Among Eurasian species, although some ringed individuals were found in the same area in successive autumns or winters, indicating fidelity to the same migration or wintering sites (for Brambling Fringilla montifringilla, Eurasian Siskin Carduelis spinus, Common Redpoll Carduelis flammea and Eurasian Bullfinch Pyrrhula pyrrhula, see Cramp & Perrins 1994), other individuals were found in widely separated sites in different years. Most captures of the same individuals in successive winters lay at localities on the same migration axis, as mentioned above (including some more than 3000 km apart), but others included substantial east-west displacements. Extreme examples included a Bohemian Waxwing Bombicilla garrulus found in Poland one winter and in Siberia in a later winter (6000 km apart), a Pine Siskin Carduelis pinus found in Quebec in one winter and in California in a later winter (3950 km apart), and a Common Redpoll Carduelis flammea found in Belgium in one winter and in China in a later one (8350 km apart) (Table 18.3). Another Common Redpoll was recorded in North America in one winter and Eurasia in a later winter, having been ringed in Michigan and recovered near Okhotsk in Siberia, some 10 200 km to the northwest (Troy 1983). All these birds are likely to have returned to the breeding range in the interim (though not necessarily to the same locality), and taken a markedly different migration direction in the second year. Further records of this type are given in Box 18.2.

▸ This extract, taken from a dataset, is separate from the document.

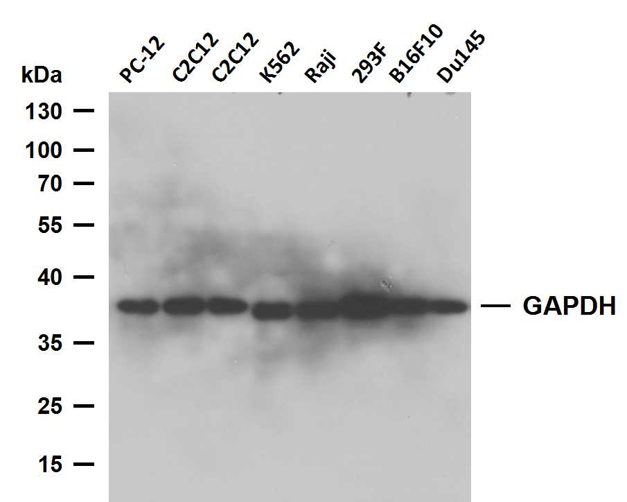 Various whole cell lysates were separated by 10% SDS-PAGE, and the membrane was blotted with anti-GAPDH(PTR2304)antibody. The HRP-conjugated Goat anti-Mouse IgG(H + L) antibody was used to detect the antibody.Lane 1: PC-12Lane 2: C2C12Lane 3: C2C12Lane 4: K562Lane 5: RajiLane 6: 293FLane 7: B16F10Lane 8: Du145Predicted band size: 38kDaObserved band size: 38kDa

North American ringing records also reveal the transcontinental nature of boreal finch movements. Although most species breed across the entire continent in boreal forest, populations breeding in Alaska and other parts of the northwest tend to migrate east-southeast to winter in the eastern States. Birds from eastern Canada migrate south-southwest to also winter in the eastern States, the same region as the western birds (Brewer et al. 2000). Many of the records of individual Common Redpolls Carduelis flammea and Pine Siskins Carduelis pinus found on opposite sides of the continent in different winters (Troy 1983, Kaufman 1984) may therefore represent northwestern breeders that remain in the northwest in one year and migrate far along their east-southeast route in another year. However, some individuals have been recovered well south of the boreal forest on different sides of the continent in different winters, indicating that they had taken different directions from the breeding range in different years. For example, a Cedar Waxwing Bombycilla cedrorum ringed in California one April was recovered in Alabama 3000 km to the east two years later (for other interesting ringing records from North American species see Box 18.2).